The official llllloooooo blog

Friday, December 1, 2017

Convert binary data files between Big Endian and Little Endian with xxd

Here is a nifty command line trick you can use to convert binary data files between big endian and little endian format. So for example if you are using 4 byte / 32 bit words, byte swapping 0x1a2b3c4d to 0x4d3c2b1a.

"input.bin" is your input binary file.
"temp.txt" is an intermediate file that you can delete later.
"output.bin" is the output binary with all the 4 byte / 32 bit words endian swapped.

xxd -e -g4 input.bin temp.txt
xxd -r temp.txt output.bin

or if you want to skip using the temporary text file...

xxd -e -g4 input.bin | xxd -r > output.bin



The xxd tool is used to make a hexdump or convert a hexdump back into binary.

The xxd tool normally comes as part of the "vim" application, so if xxd isn't available on your system you might need to install vim.
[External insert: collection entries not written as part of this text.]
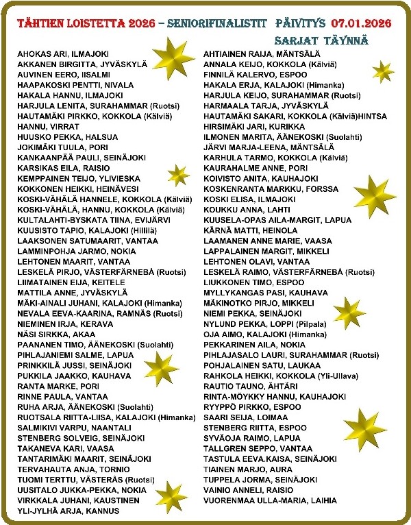 LAULUJÄRJESTYSLISTAT JULKAISTAAN FINAALIPÄIVÄNÄ. JOTEN KAIKKIEN FINALSITIEN OLTAVA PAIKALLA - TUNTIA ENNEN FINAALIN ALKAMISTA.
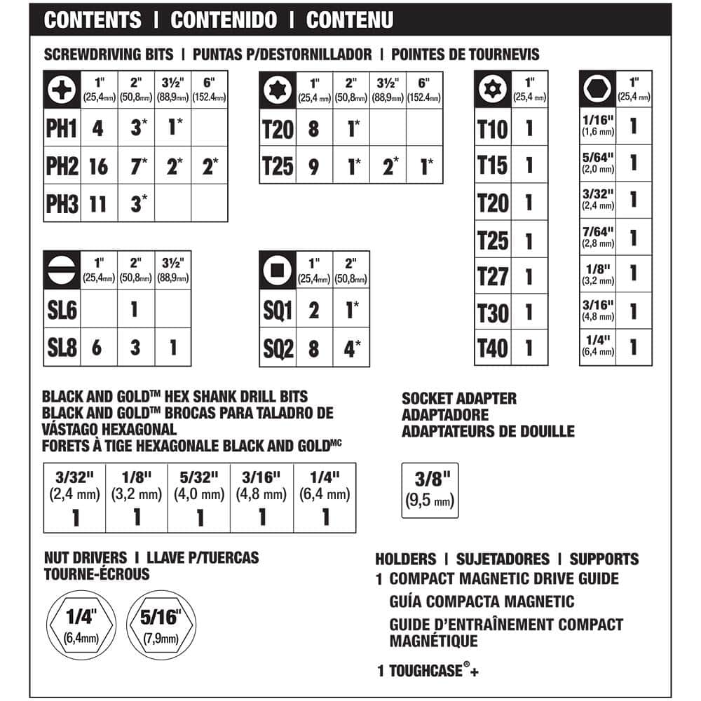 Q: Can this set be used with both impact drivers and drills? A: Yes, the 1/4 in. HEX Shank is compatible with both impact drivers and power drills, offering flexibility for various tasks.
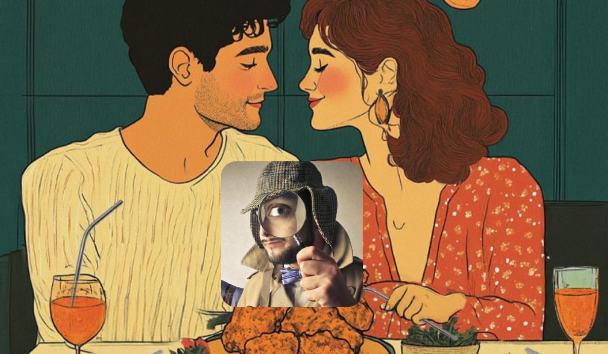 Štai romantiškos vakarienės metu maloniai bendrauja įsimylėjęs vyras ir moteris. Mergina vilki elegantišką suknelę, o vaikinas – lengvą megztinį. Ant stalo galite pamatyti taures gėrimų ir keletą skanių patiekalų. Ant įstaigos sienų kabo paveikslai, o lubose kabo lemputės.

Additionally I don't think this will work with the busybox version of xxd found on embedded system because as far as I can see it doesn't currently support all the required command line options. The standard linux / BSD / unix version of xxd should be fine.

Note that this procedure does not convert executables between big endian and little endian, only binary data.

For example. Say I have a binary file "test.bin" as follows
 
00000000  41 42 43 44 45 46 47 48  49 4a 4b 4c 4d 4e 4f 50

00000010  51 52 53 54 55 56 57 58  59 5a 30 31 32 33 34 35
00000020  36 37 38 39 61 62 63 64  65 66 67 68 69 6a 6b 0a

First use "xxd -e -g4" to convert the binary file to a hexdump text file. The "-e" option says to use Little Endian output format. Use this option regardless of whether you're converting from Big to Little or Little to Big Endian. The "-g4" option specifies to use 4 bytes (32 bits) per word. You can use a different word size option with "-g".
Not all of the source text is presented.